*What you have to do*
Look below for the line with "视频中,他把硬币立在时速31" and the line with "In Tekla Structures". Copy exactly those two lines and every line between, but not the pictures.

*Study material*
- Opening Delimiter -

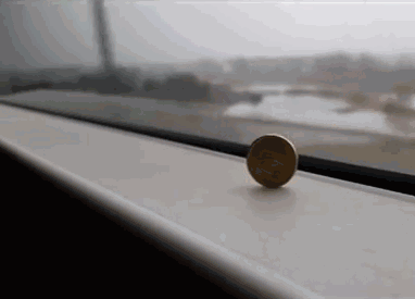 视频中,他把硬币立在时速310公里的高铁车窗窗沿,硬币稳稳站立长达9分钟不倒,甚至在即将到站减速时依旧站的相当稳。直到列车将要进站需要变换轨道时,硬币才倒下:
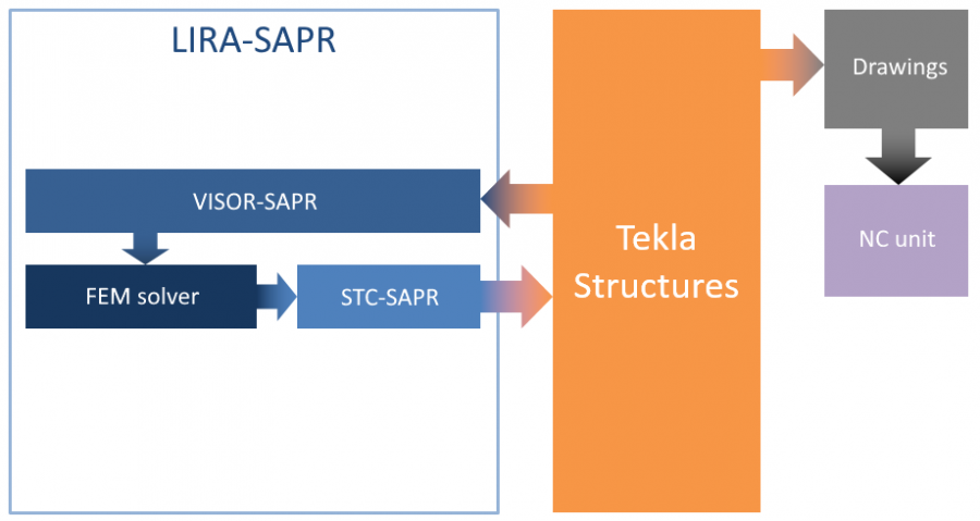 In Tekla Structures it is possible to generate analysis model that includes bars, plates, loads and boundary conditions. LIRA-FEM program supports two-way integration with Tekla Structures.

- Closing Delimiter -
- Opening Delimiter -

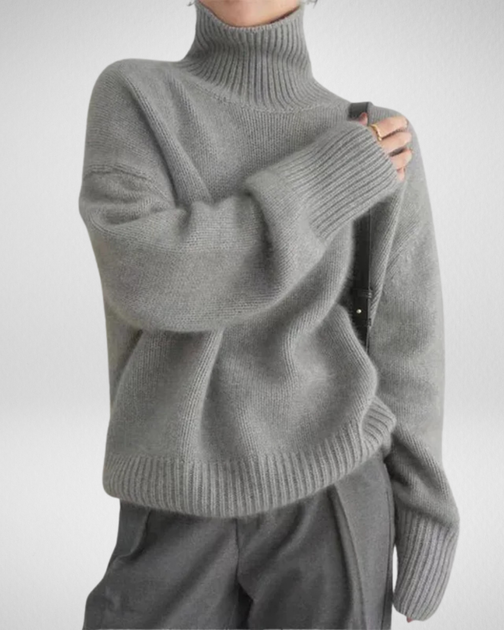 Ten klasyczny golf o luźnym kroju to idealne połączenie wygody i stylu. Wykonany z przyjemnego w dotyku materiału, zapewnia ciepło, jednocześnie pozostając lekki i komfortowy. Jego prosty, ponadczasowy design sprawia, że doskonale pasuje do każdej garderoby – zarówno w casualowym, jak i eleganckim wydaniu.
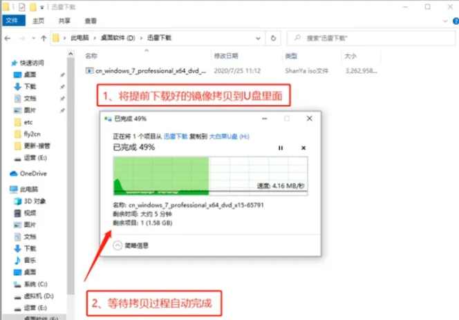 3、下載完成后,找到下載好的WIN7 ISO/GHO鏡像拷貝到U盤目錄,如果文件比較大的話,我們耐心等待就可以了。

- Closing Delimiter -
- Opening Delimiter -

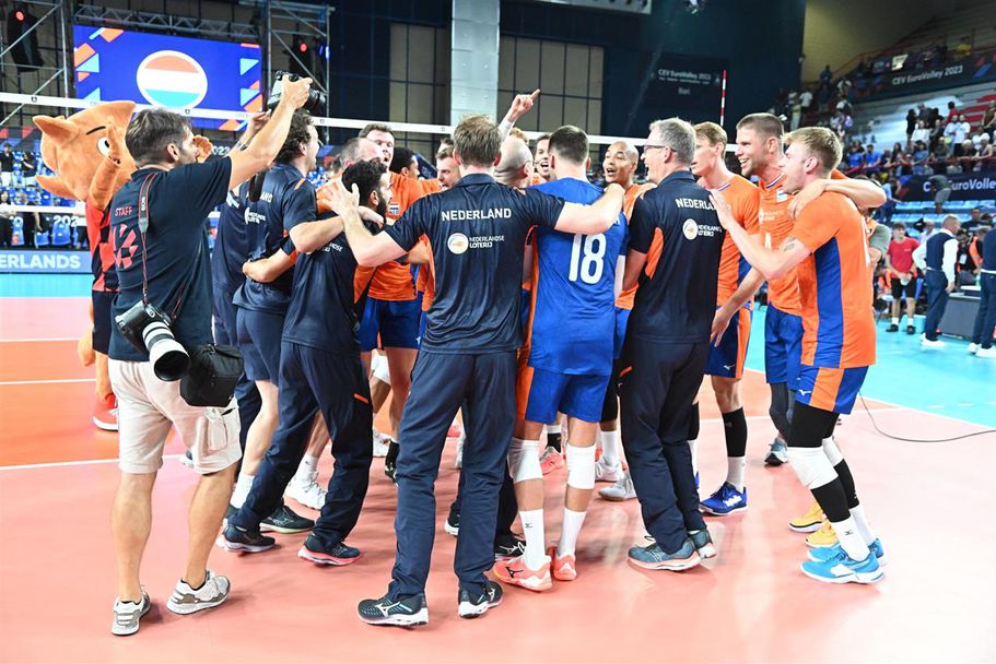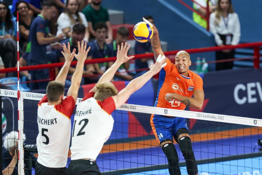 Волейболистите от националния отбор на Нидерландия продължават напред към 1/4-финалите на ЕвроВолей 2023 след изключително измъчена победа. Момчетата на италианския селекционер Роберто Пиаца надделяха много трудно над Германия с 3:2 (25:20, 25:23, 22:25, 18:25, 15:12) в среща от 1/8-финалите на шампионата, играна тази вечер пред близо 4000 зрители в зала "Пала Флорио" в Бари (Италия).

- Closing Delimiter -

*Task response*
 视频中,他把硬币立在时速310公里的高铁车窗窗沿,硬币稳稳站立长达9分钟不倒,甚至在即将到站减速时依旧站的相当稳。直到列车将要进站需要变换轨道时,硬币才倒下:
 In Tekla Structures it is possible to generate analysis model that includes bars, plates, loads and boundary conditions. LIRA-FEM program supports two-way integration with Tekla Structures.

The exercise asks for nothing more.